Googleing it gave some nice results about how to fix it. Unfortunally, I have not been able to fix it by myself with these results. I must have done something wrong. To make things easier, I made an image of one of these results along with my PuTTy window with the commands I use and the results they give back. It is these results which puzzle me.
It can be accessed at this link as this forum does not seem to support direct images:
As shown in the image, I somehow have /dev/xdva2/ instead of /dev/xdva/. When putting the command in PuTTy for both xdva and xdva2 (I have no idea what the difference is), I now get this.
Oh, I missed your first comment above, I only noticed your second one.
If you have an xvda2, then you’d want to use this command:
ln -s /dev/xvda2 /dev/root
The device /dev/root needs to point to the device where your root filesystem is mounted – the command I gave above was just an example… since you have xvda2, you’d use that instead.
Mount still shows the same stuff as in the image in my first post:
[root@vps590 ~]# mount
/dev/xvda2 on / type ext3 (rw,grpquota,barrier=0,errors=remount-ro,usrquota)
proc on /proc type proc (rw)
devpts on /dev/pts type devpts (rw,gid=5,mode=620)
none on /proc/sys/fs/binfmt_misc type binfmt_misc (rw)
ls -l /dev/root shows:
lrwxrwxrwx 1 root root 5 Aug 7 14:51 /dev/root -> /root
I already did the ln -s command with xvda2 as shown in my previous comment. This is what I get now:
ln: creating symbolic link `/dev/root/xvda2’: File exists
The command which should follow up this step, quotaon -a still shows this:
quotaon: Device (/dev/root) filesystem is mounted on unsupported device type. Skipping.
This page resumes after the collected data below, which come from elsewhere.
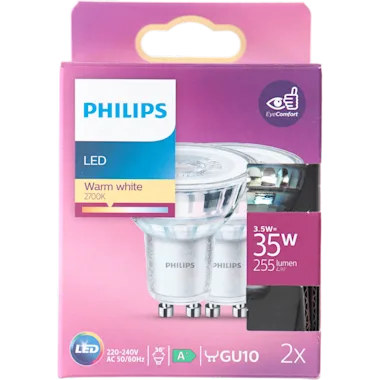 Vervang 2 oude spotlampen door deze nieuwe energiezuinige Philips LED-spots, met warmwit licht, en bespaar tot €30 op energiekosten per lamp per jaar. Deze standaardlampen verbruiken tot 90% minder energie dan gloei- en halogeenlampen dankzij de nieuwste energiezuinige LED-technologie. Daarnaast gaan ze gaan tien keer langer mee. Met EyeComfort, voor licht dat aangenaam is voor jouw ogen. Deze lampen hebben een GU10-fitting en gaan vaak perfect samen met jouw in- of opbouwspots.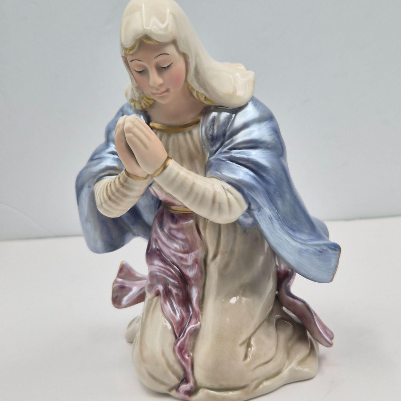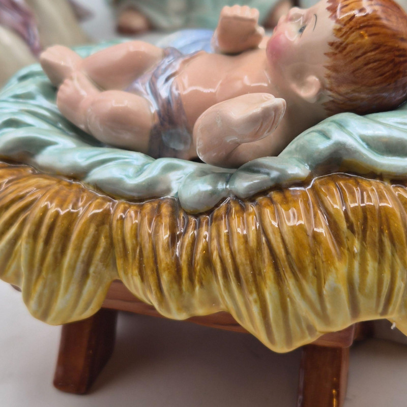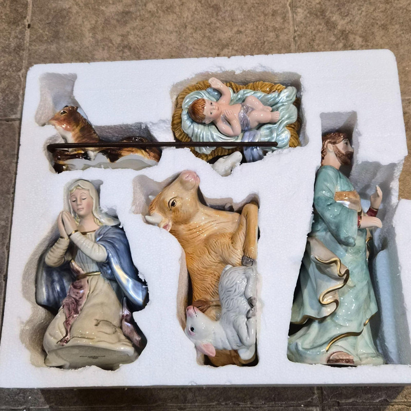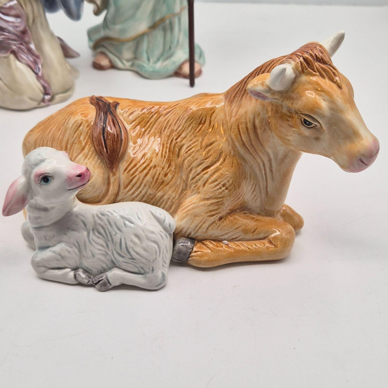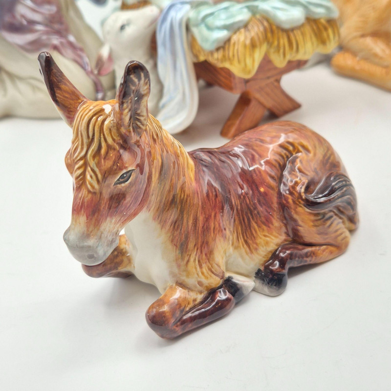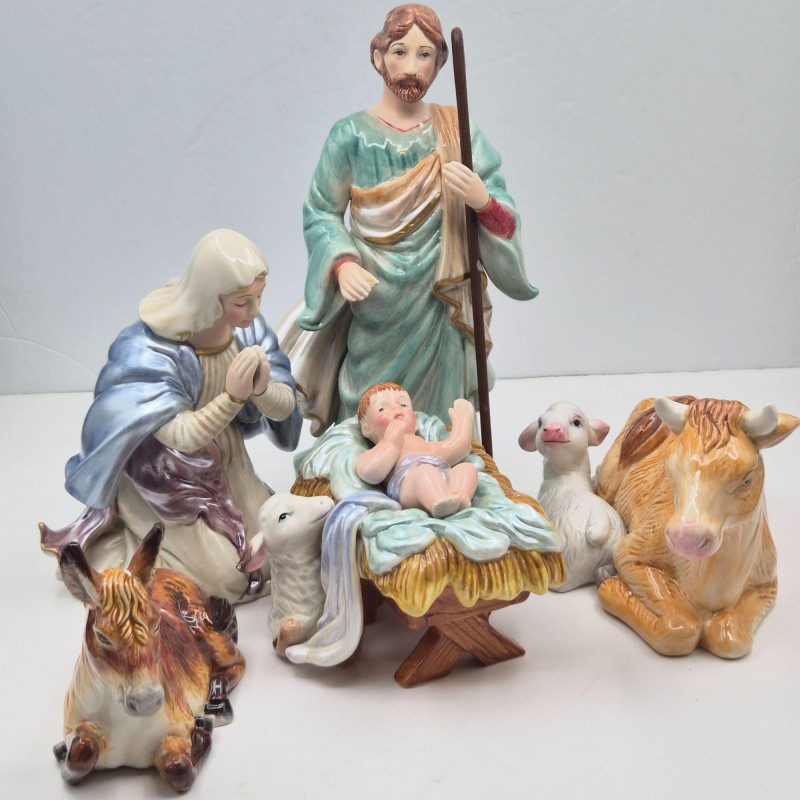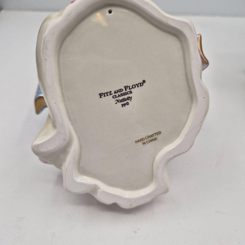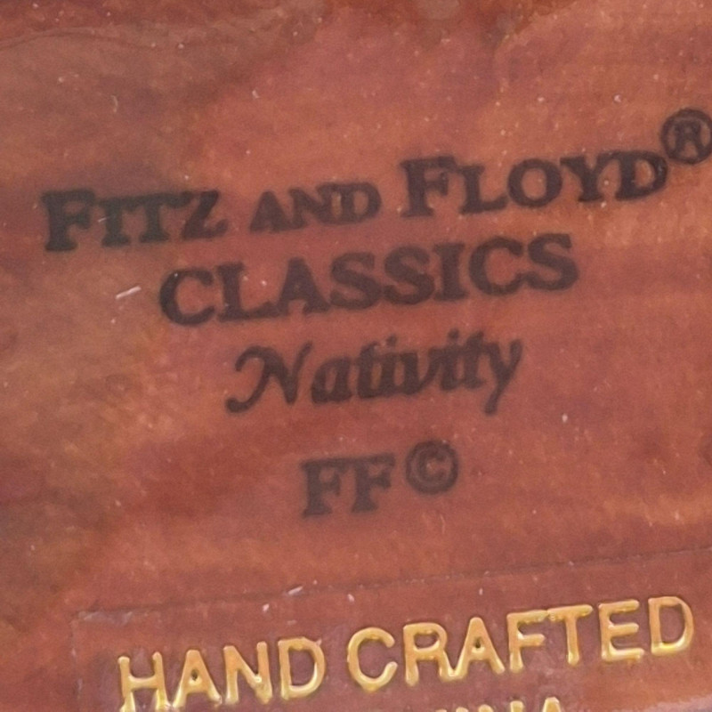 This Fitz & Floyd Classics nativity set includes all five original pieces, each crafted in glazed ceramic with the brand’s signature expressive detailing and warm, traditional palette. All figures are stamped Fitz & Floyd Classics on the underside. Please note condition details: The set comes in its original box and still presents a charming, cohesive nativity scene—ideal for collectors, decorators, or anyone who appreciates Fitz & Floyd’s timeless holiday craftsmanship.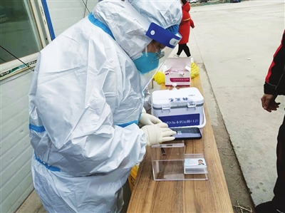 当日上午8时许,海东社区工作人员和棉花巷卫生服务站的医护人员,早早来到大剪子巷,做好核酸检测的准备工作。试管、箱子、棉签、核对名单……大家分工明确,反复核对,每个环节都严谨细致。这些用于核酸检测的物品当中,有一个透明盒子十分抢眼。这个盒子有牛奶箱大小,分上下两层。前来做核酸检测的快递从业者,看到这个塑料盒子都很好奇,不知道它的用途。等医护人员扫描他们的身份证时才发现,为避免接触,医护人员将手机放在塑料盒上方,他们的身份证放在塑料盒下方,医护人员不用拿起手机,也不用拿身份证,就可扫描身份证。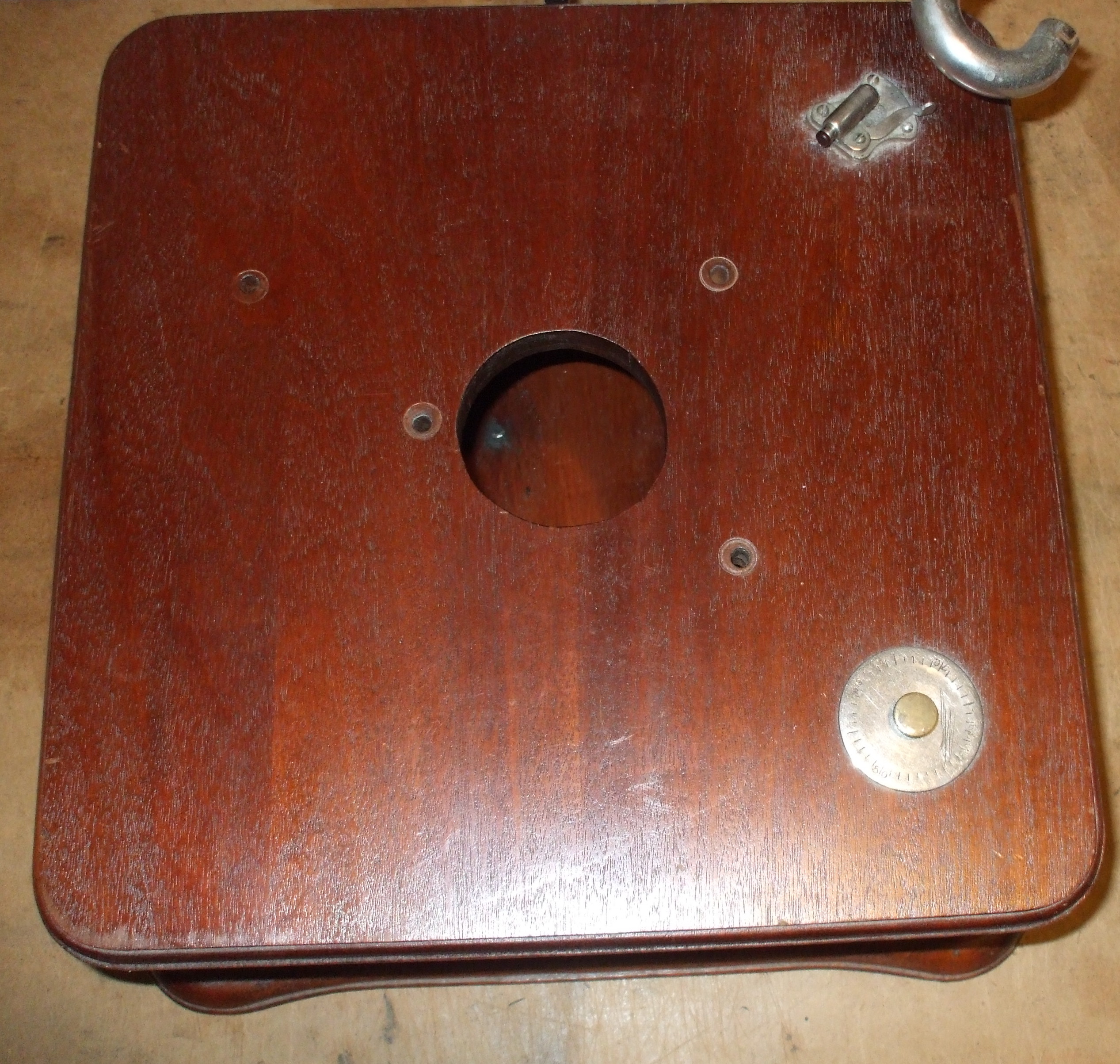 Oedipus wrote: Tue Jun 28, 2022 9:47 am The Cockleshell normally has a double spring motor and ten-inch turntable, but I have never seen a mahogany Cockleshell before. I take it the position of the brake indicates a 12-inch turntable? I presume the black finish and unusual lining on the back bracket are not original? -- it's a post-G & T model, and the bracket would normally have been nickel-plated.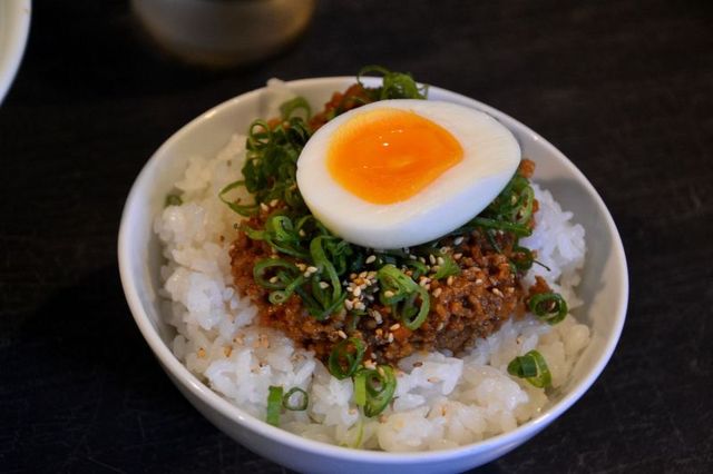 肉味噌卵ライスは特製の肉味噌ををほかほかご飯と卵に合わせました。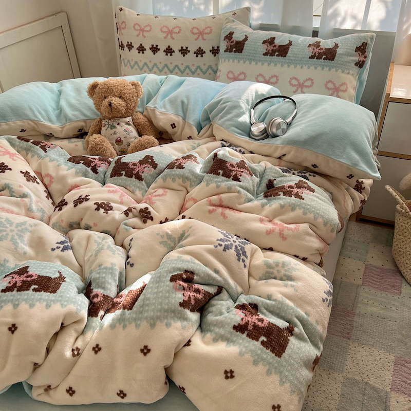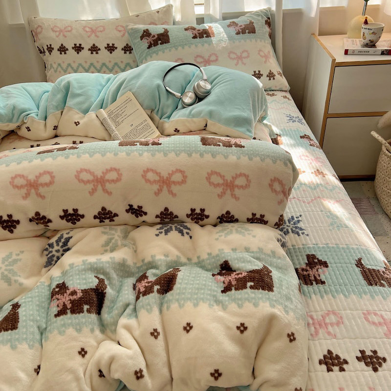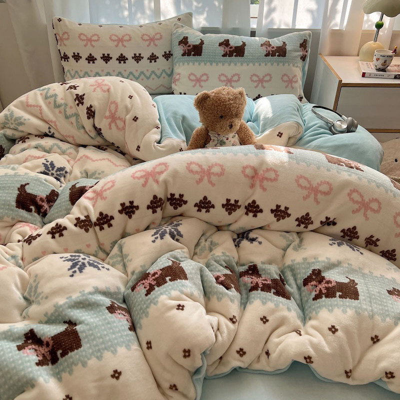ins卡通小狗秋冬加厚保暖牛奶绒四件套被套法兰珊瑚绒床上用品

“/root” is a directory on your filesystem, not a hard disk device.
If /dev/root is a symlink pointing to /root, that will indeed cause problems – you’d want to delete the /dev/root symlink, and instead make it point to /dev/xvda2.
Once you delete that symlink, you should stop getting the “File exists” errors you mentioned above.
“quotacheck -m /” gave: quotacheck: Cannot stat() mounted device /dev/root: No such file or directory
quotacheck: Mountpoint (or device) / not found or has no quota enabled.
quotacheck: Cannot find filesystem to check or filesystem not mounted with quota option.
And this fixed it
The only thing was that my disk was at /dev/xvda2 in stead of /dev/xdva2.